WiMax just may turn out to be exactly what IT managers need for their corporate wireless needs, particularly if more users are going mobile. (And aren't they all?) Because these mobile hotspots are the size of a city.

By Steven J. Vaughan-Nichols
Thu, May 15, 2008

CIO — It's a Wi-Fi world, but Wi-Fi has its own set of problems. Now, mobile WiMax may provide corporations with another, better way of networking the mobile workforce.

Today, everyone in the user community swears by IEEE 802.11–based wireless networks. But IT people all swear at it. The high-speed, 100Mbps-plus, 802.11n standard still hasn't been finalized; covering space adequately with PoE (power over Ethernet) 802.11g access points (APs) continues to be difficult; and it's all too easy to overrun a single AP with too many clients.

So, while Wi-Fi is far too useful to consider getting rid of, it also continues to be an IT deployment and management headache. This is why mobile WiMax, IEEE 802.16e, is beginning to catch the attention of CIOs and CTOs.

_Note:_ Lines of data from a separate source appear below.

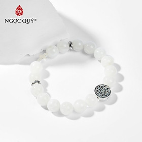 Vòng Tay Phong Thủy Nam Đá Xà Cừ Trắng Phối Charm Thánh Giá (10mm) Mệnh Kim, Thủy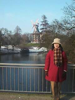 ブレーメン駅から街の中心へと歩いていくと、途中に細長い池と風車が。バックの青空が見事なので全ての物が輝いて見える。おてんとうさま、どうもありがとう。ちなみにここでもまだ雪が溶けずに残っていた。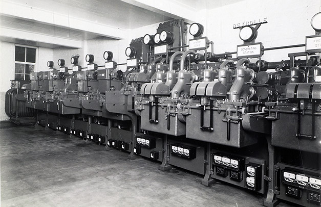 Above, right: Two Sulzer multi-stage pumps driven by 32hp motors at the floor level were employed to deliver water from the 175ft deep boreholes into a tank on the roof.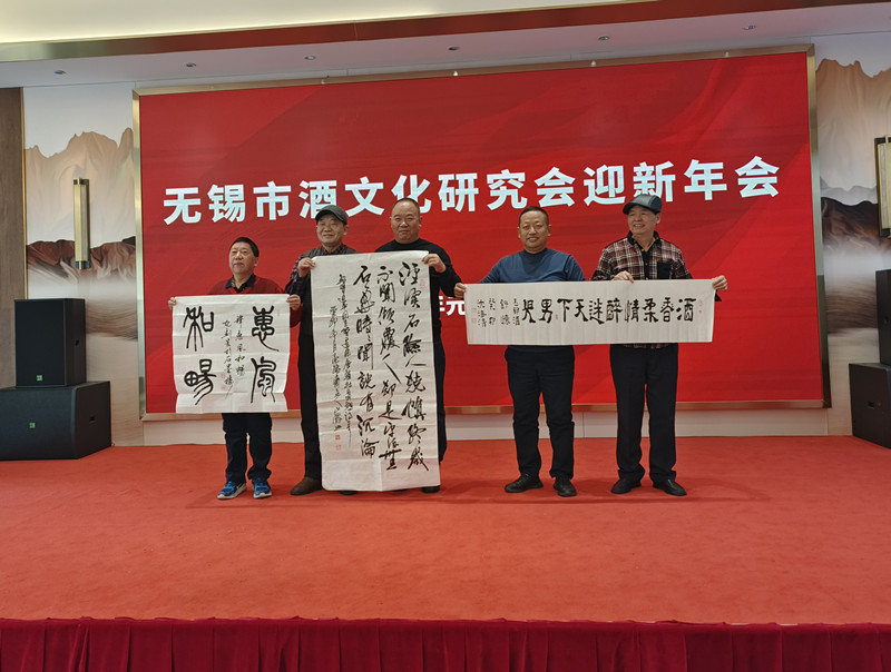 無錫市酒文化研究會(huì)迎新年會(huì)元月12日在玉祁酒業(yè)隆重舉行,作家、學(xué)者、書畫家等60余人歡聚一堂,回顧酒業(yè)光輝歷史,共話江南酒文化,滿懷激情暢想未來。通過玉祁酒業(yè)搭建的這一文化平臺(tái),新朋老友交流切磋,互遞信息,展露才藝,品酌玉祁酒業(yè)釀造的瓊漿玉液,其樂也融融,其情也深深。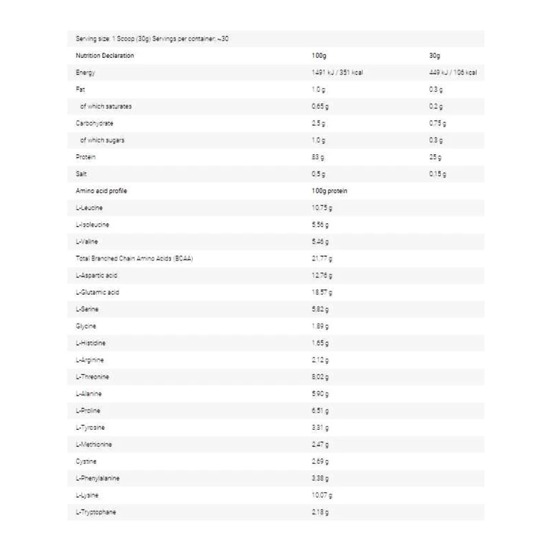 القيمة الغذائية: 25 جرام بروتين، 5 جرام BCAA.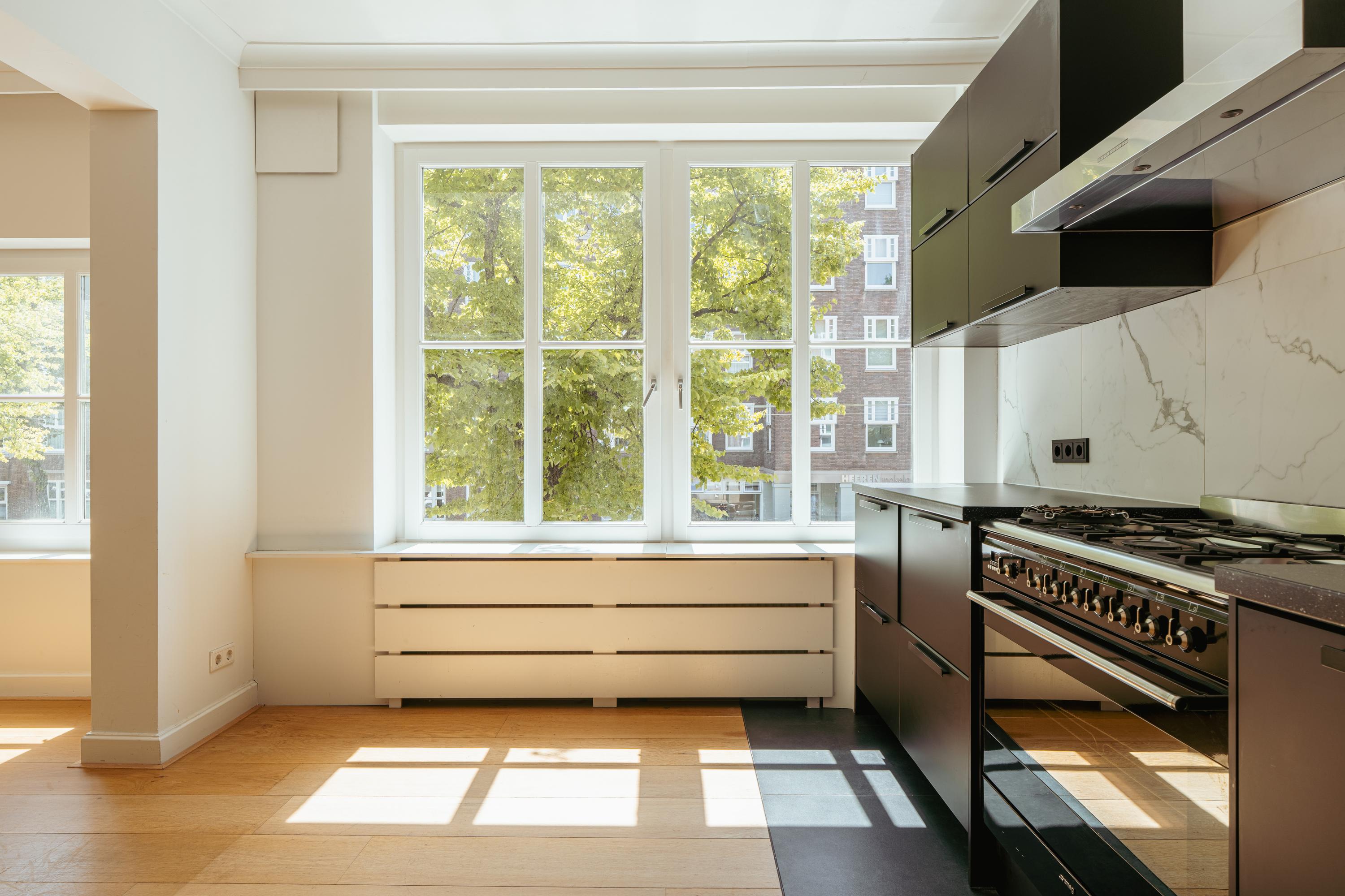 Sfeervol en licht 4-kamerappartement van ca. 118 m² met lift, balkon en privéberging, gelegen op een toplocatie in Amsterdam-Zuid, om de hoek van de Beethovenstraat. De woning beschikt over drie slaapkamers, twee badkamers, een moderne open keuken en karakteristieke glas-in-looddetails.

Here are several good reasons to consider WiMax for your future wireless network needs.

1. Lower acquisition costs. Instead of worrying over dozens of 802.11 access points, their wiring and their power needs, you may need to install only a single Mobile WiMax AP.

One problem that the Sprint, Clearwire and the other major mobile WiMax companies are facing with their deployments is that they need gigantic Internet pipes to supply their bandwidth needs. A few T1s with their 1.554Mbps throughput don't come close to meeting their needs. A corporate WiMax network shouldn't require any more bandwidth than you're currently using.

2. Interoperability with the public WiMax networks. Sprint, Clearwire, Intel, Google, Comcast, Time Warner Cable and Brightcove Network have joined forces to create a nationwide mobile WiMax network. Your mobile users will be able to use this network, just as they now use Wi-Fi hot spots to connect with the office. But the key difference, as Xohm President and Sprint Chief Technology Officer Barry West puts it, is that the hotspots will now be the "size of a city."

3. No vendor lock-in. As Motorola's WiMax solutions marketing manager, Ben Ansell, said, "For mobile WiMax to be seen as a truly open standard, products need to be interoperable." The WiMax Forum won't certify equipment unless it interoperates, so you can be sure that equipment you buy from one vendor will work with devices you get from another company. The bottom line: You can shop on the basis of price and quality without worrying over incompatibilities.

4. Broad vendor support. Mobile WiMax is a new technology, but there's nothing so cutting edge about it that it will make you bleed IT money as you install it. This wireless technology has support from the big boys of computing: Intel, Cisco, Microsoft, Nokia and more than a hundred other major vendors.